**WHAT YOU NEED TO DO:** Leave out the pictures and retype, exactly, the lines below from the line with "4時間足では、CHF、CAD" up to and including the line with "Adjustable Twisted Cable", nothing more.

**** DATA EXTRACT ****

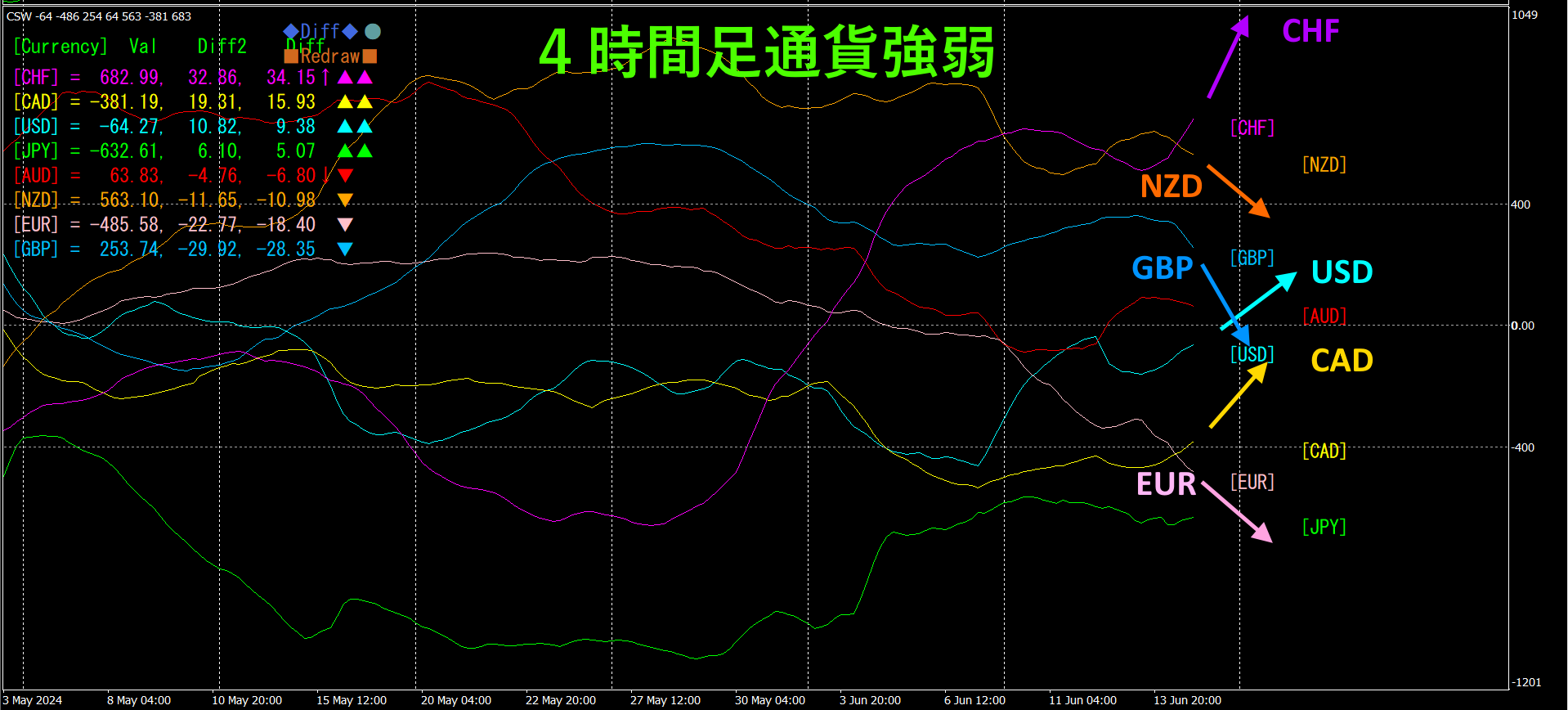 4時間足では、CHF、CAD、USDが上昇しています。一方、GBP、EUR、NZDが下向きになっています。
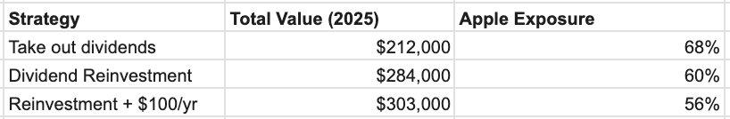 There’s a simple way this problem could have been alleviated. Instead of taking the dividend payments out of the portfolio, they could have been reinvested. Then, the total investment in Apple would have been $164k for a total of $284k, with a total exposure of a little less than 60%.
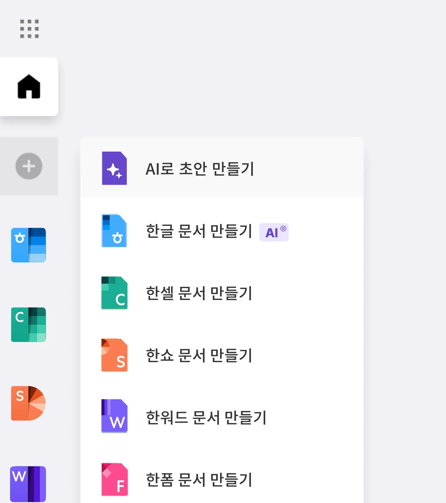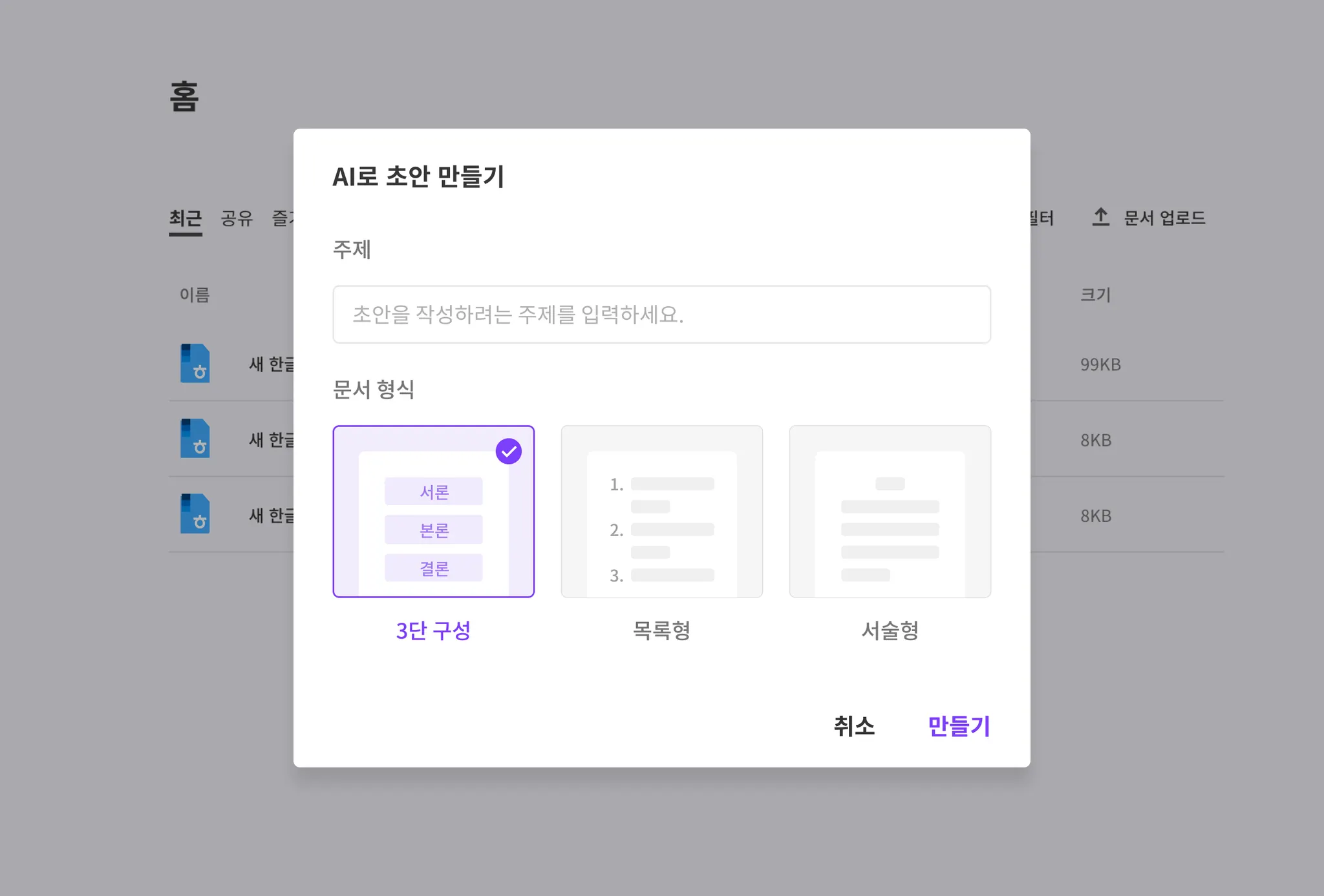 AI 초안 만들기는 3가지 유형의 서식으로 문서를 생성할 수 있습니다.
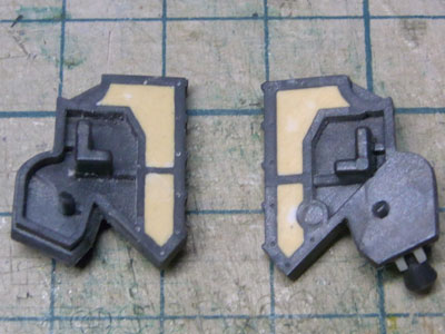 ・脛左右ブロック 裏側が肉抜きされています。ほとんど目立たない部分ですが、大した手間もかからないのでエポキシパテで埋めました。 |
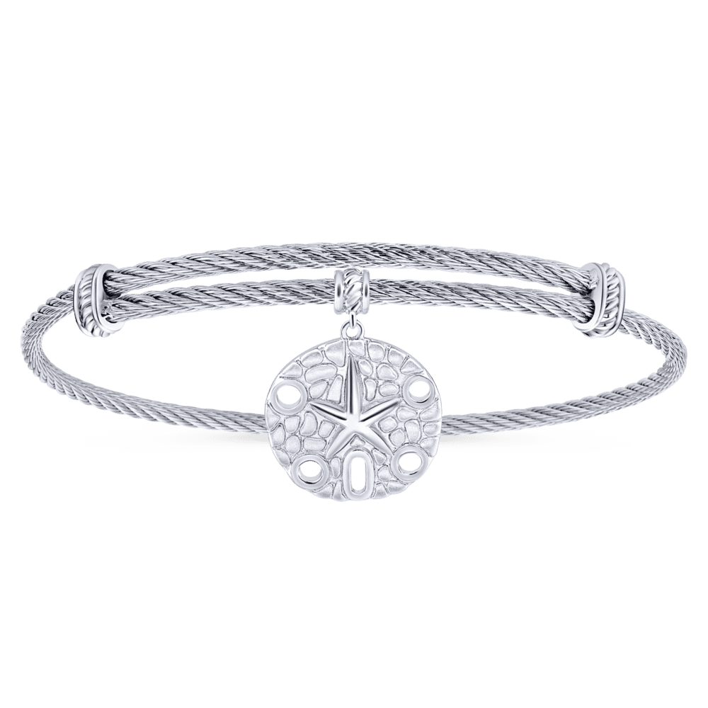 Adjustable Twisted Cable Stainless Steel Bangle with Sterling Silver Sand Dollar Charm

****
**** DATA EXTRACT ****

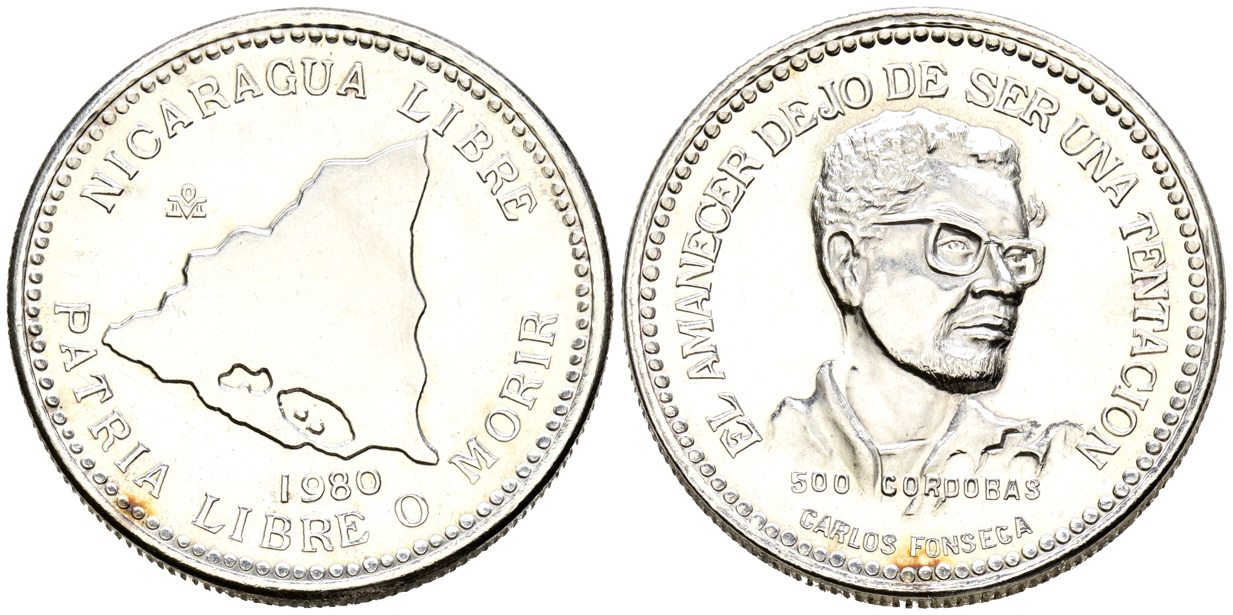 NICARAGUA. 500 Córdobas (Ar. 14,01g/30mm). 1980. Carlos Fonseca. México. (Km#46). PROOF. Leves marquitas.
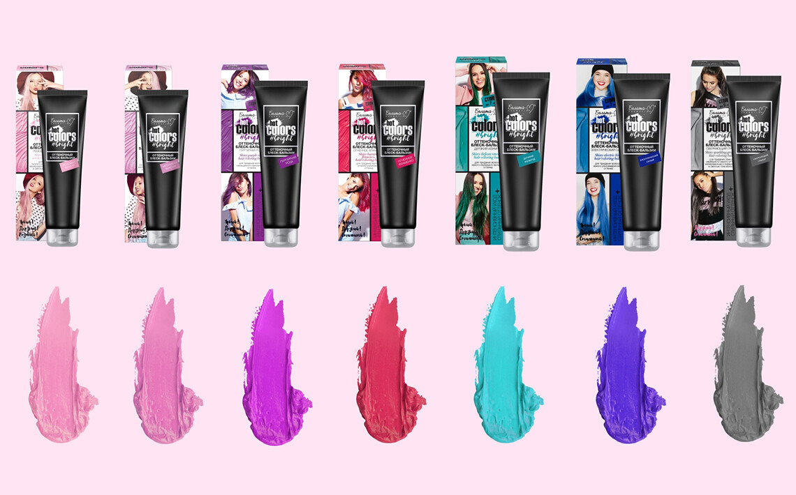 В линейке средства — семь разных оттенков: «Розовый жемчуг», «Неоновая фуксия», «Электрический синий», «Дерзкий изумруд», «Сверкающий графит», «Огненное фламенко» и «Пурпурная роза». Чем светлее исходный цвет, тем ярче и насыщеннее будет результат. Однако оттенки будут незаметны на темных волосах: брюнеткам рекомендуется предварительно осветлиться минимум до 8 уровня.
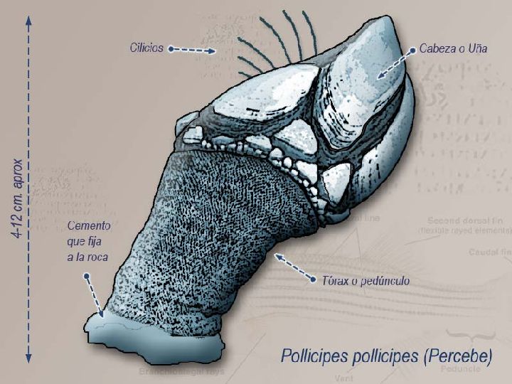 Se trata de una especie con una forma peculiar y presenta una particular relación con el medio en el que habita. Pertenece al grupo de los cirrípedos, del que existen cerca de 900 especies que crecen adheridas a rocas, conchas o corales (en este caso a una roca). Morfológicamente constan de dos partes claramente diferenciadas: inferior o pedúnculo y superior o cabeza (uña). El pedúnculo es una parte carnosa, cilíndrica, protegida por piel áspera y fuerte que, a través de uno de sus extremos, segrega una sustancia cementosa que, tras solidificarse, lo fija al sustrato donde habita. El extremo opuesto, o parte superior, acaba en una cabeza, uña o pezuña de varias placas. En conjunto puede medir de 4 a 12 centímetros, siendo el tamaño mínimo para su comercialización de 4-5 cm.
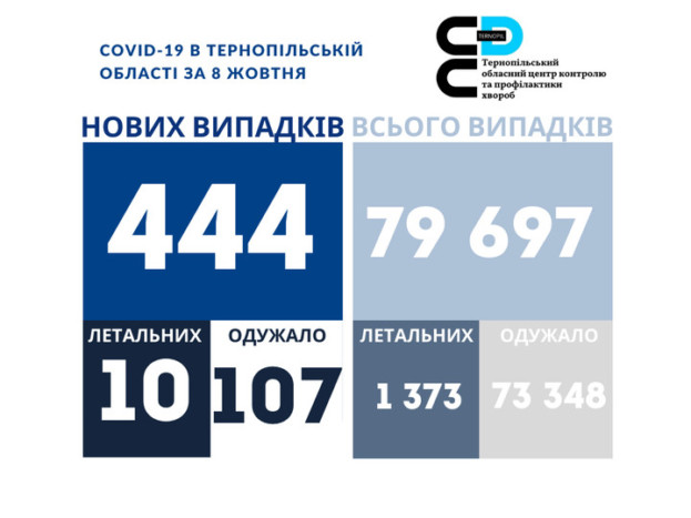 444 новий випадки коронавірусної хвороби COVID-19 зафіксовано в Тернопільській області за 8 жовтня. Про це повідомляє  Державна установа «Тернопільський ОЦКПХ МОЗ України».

****

**OUTPUT BELOW:**
 4時間足では、CHF、CAD、USDが上昇しています。一方、GBP、EUR、NZDが下向きになっています。
 There’s a simple way this problem could have been alleviated. Instead of taking the dividend payments out of the portfolio, they could have been reinvested. Then, the total investment in Apple would have been $164k for a total of $284k, with a total exposure of a little less than 60%.
 AI 초안 만들기는 3가지 유형의 서식으로 문서를 생성할 수 있습니다.
 ・脛左右ブロック 裏側が肉抜きされています。ほとんど目立たない部分ですが、大した手間もかからないのでエポキシパテで埋めました。 |
 Adjustable Twisted Cable Stainless Steel Bangle with Sterling Silver Sand Dollar Charm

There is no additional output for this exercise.